Gerakan beritme Cepat adalah gerak kedua, sesaat pesan yang terkandung dalam gerakan beritme lambat namun sarat makna usai dituturkan. Pada gerakan ini, pesan yang disampaikan adalah pesan penyikapan ketika perbuatan jahat, yang dimaknakan sebagai ketidak beruntungan nasib, kembali dilakukan oleh orang atau institusi yang sama. Penyikapan tersebut bisa dilakukan dalam bentuk apapun, tapi masih sebatas protes keras belaka. Seperti bunyi syair di bawah ini:

Hai Laot sa, ilak ombak meu Aloun kapai die eik troun meu lumba Lumba hai bacut teuk, salah bukon saLah loun salah mu, lah poun awai bak gata (Wahai Laut yang berombak mengayunkan kapal naik dan turun sedikit lagi kemasukan air, itu bukan salah ku, engkaulah yang mengawalinya)

Gerakan beritme cepat ini tak lama, kemudian disusul dengan gerakan tari beritme sangat cepat mengisyaratkan chaos menjadi pilihan dalam pola perlawanan tingkat ketiga. Sebuah perlawanan disaat protes keras tak diambil peduli. Tetabuhan rapa’i pada gerakan beritme sangat cepat inipun seakan menjadi tetabuhan perang yang menghentak, menghantam seluruh nadi, membungkus syair menjadi pesan yang mewajibkan perlawanan dalam bentuk apapun ketika harkat dan martabat bangsa terinjak-injak.
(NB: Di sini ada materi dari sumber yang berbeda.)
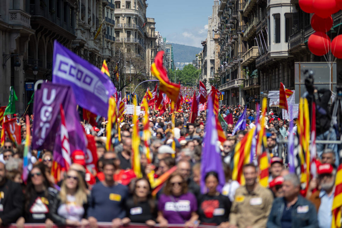 Uns 5.000 manifestants, segons la Guàrdia Urbana de Barcelona, han participat aquest dimecres al migdia a la manifestació conjunta de CCOO. i UGT de Catalunya per l'1 de maig, una xifra que puja a 10.000 participants segons els dos sindicats.

Cuplikan sajak “perang” nya (alm) Maskirbi yang biasa dilantunkan menjadi syair dalam gerakan beritme cepat pada tarian rapa’i geleng ini bisa menjadi contoh sederetan syair-syair yang dijadikan pesan.

Doda idi hai doda idang Geulayang balang ka putoh talo Beureujang rayeuk banta sidang Jak tulong prang musoh nanggroe (doda idi hai doda idang – nyanyian nina bobo untuk anak – layangan sawah telah putus talinya cepatlah besar wahai ananda pergilah, perangi musuh negeri)

Pada titiknya, semua gerakan tadi berhenti, termasuk seluruh nyanyian syair. Ini merupakan gerakan akhir dari tarian. Gerakan diam merupakan gerakan yang melambangkan ketegasan, habisnya semua proses interaksi.